University of Warsaw

 

Terebovlya

 

The steep promontory, situated in the bifurcation of the Gnezna River and the Pechenya Stream, once among dense forests (after all, the name “Terebovlya” derives from the Old Ruthenian verb теребити – “to fell”), has great defensive qualities. Namely, it towers over its surroundings, while being accessible from one, north side only. It was probably the location of a stronghold that was one of major centres of Halych Ruthenia in the 11th and 12th centuries. At its foot, there developed an urban centre, which later became the Old Town of Terebovlya. In the 13th century, the importance of Terebovlya dwindled, and perhaps it was then that the town was invaded by the Mongols for the first time. The steppe nomads as well as their settled descendants, the Ottoman Turks, played a significant role in the history of the town and the castle.

In the middle of the 14th century, Red Ruthenia was taken over by Kazimierz the Great, King of Poland, and he consolidated his rule over this territory e.g. by building a wooden castle in place of the old stronghold of the Rostislaviches, which was to defend the nearby border with the Tatar and then Lithuanian Podolia. The construction of the castle contributed to the development of the settlement. In 1389, it was granted Magdeburg law by King Władysław Jagiełło, and about 30 years later, the New Town sprang up on the other bank of the Gnezna River. At that time, Terebovlya became an important administrative centre, namely, it was where courts for local noblemen took place and the castle became the seat of the royal starost. Several decades later, the neighbourhood of the Tatars made itself felt again. The invaders came near Terebovlya e.g. in 1453 and 1467. In 1515, Jan Tworowski, Field Hetman of the Crown (future Starost of Terebovlya), fought a fierce battle for the town against the Horde, and one year later, Marcin Kamieniecki, Voivode of Podolia, and Stanisław Lanckoroński, Starost of Kamyanets-Podilsky, caught there and crushed a Tatar unit returning from a raid.

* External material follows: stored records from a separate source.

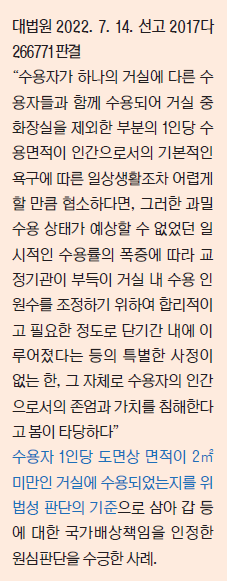 헌법재판소는 2016년(헌법재판소 2016. 12. 29. 2013헌마142 전원합의체 결정) 수용자 1인당 1.06㎡, 1.27㎡의 수용 면적은 신체적·정신적 건강이 악화되거나 인격체로서의 기본 활동에 필요한 조건을 박탈당하는 등 인간으로서 최소한의 품위를 유지할 수 없을 정도로 과밀한 공간에서 이루어진 수용 행위로, 인간의 존엄과 가치를 침해하여 위법하다고 판시하였습니다.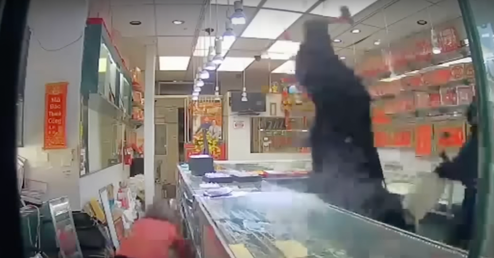 Surveillance video shows 69-year-old mother Diane ducking for cover and screaming for help as the robbers — wearing black masks and clothing and armed with guns and hammers — enter Phuong Jewelry around 12:30 p.m. Wednesday, KGO said.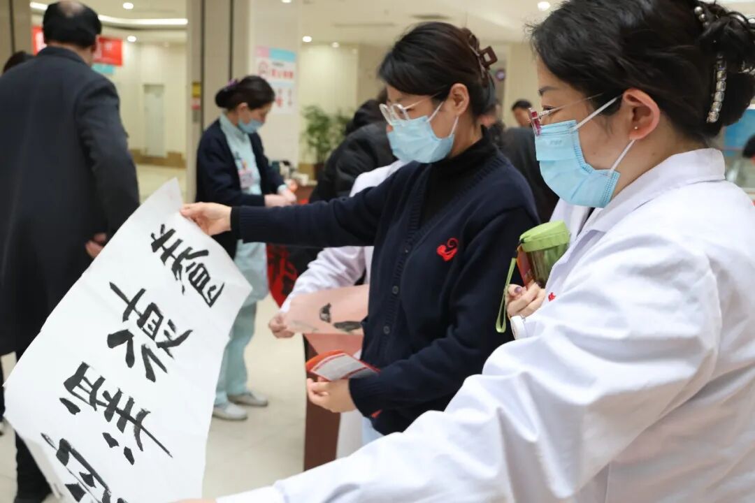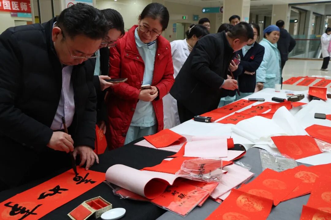 活动现场,市政协书画院的4名书法家现场挥毫泼墨,创作出富有现代气息、饱含美好祝福的的法治春联,“法如日月明千里 律似春风暖万家”,法治精神巧妙融入传统文化之中,给大家送去新春祝福的同时,也送去了法律知识。前来领取春联的群众、医院职工络绎不绝,受到大家的欢迎。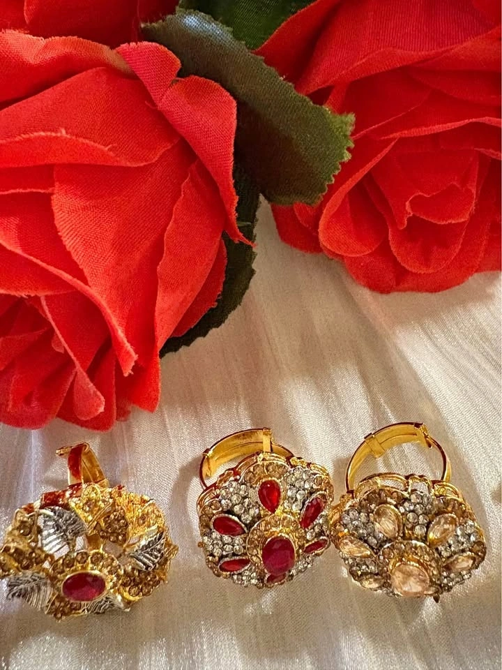 Beautiful adjustable south Asian rings made of adjustable metal and artificial gem stones.

In 1498, Terebovlya was captured by troops of Ștefan the Great, Prince of Moldavia. These events obviously affected the condition of the town – even courts were moved to Buchach for some time. In order to raise Terebovlya from decline, successive kings of Poland issued a number of privileges for the town, which were to compensate its inhabitants for the inconveniences of living in the borderland, and in 1534, Andrzej Tęczyński, Castellan of Kraków and Starost of Terebovlya, completely rebuilt the (still wooden) castle at his own expense. In 1552, the famous cavalry captain Bernhard von Prittwitz, not accidentally called terror Tartarorum and murus Podoliae, became the starost of Terebovlya. But it was some sort of exile for the borderland raid commander as he had been the Starost of Bar in Podolia, however, he had to take office as the Starost of Terebovlya, located further away from the border, in order to improve the relations with the sultan, which had been undermined by Prittwitz’s expeditions. In 1575, during a great Tatar invasion of Podolia and Red Ruthenia, also Terebovlya was burned down and ravaged. As a result, plans were made to surround the unfortified town with a rampart, but apparently they were not carried out, as already in 1594, Terebovlya was pillaged by rebellious Cossacks under Severyn Nalyvaiko’s command. Also at the beginning of the 17th century, the surroundings of Terebovlya were regularly plundered by the Horde.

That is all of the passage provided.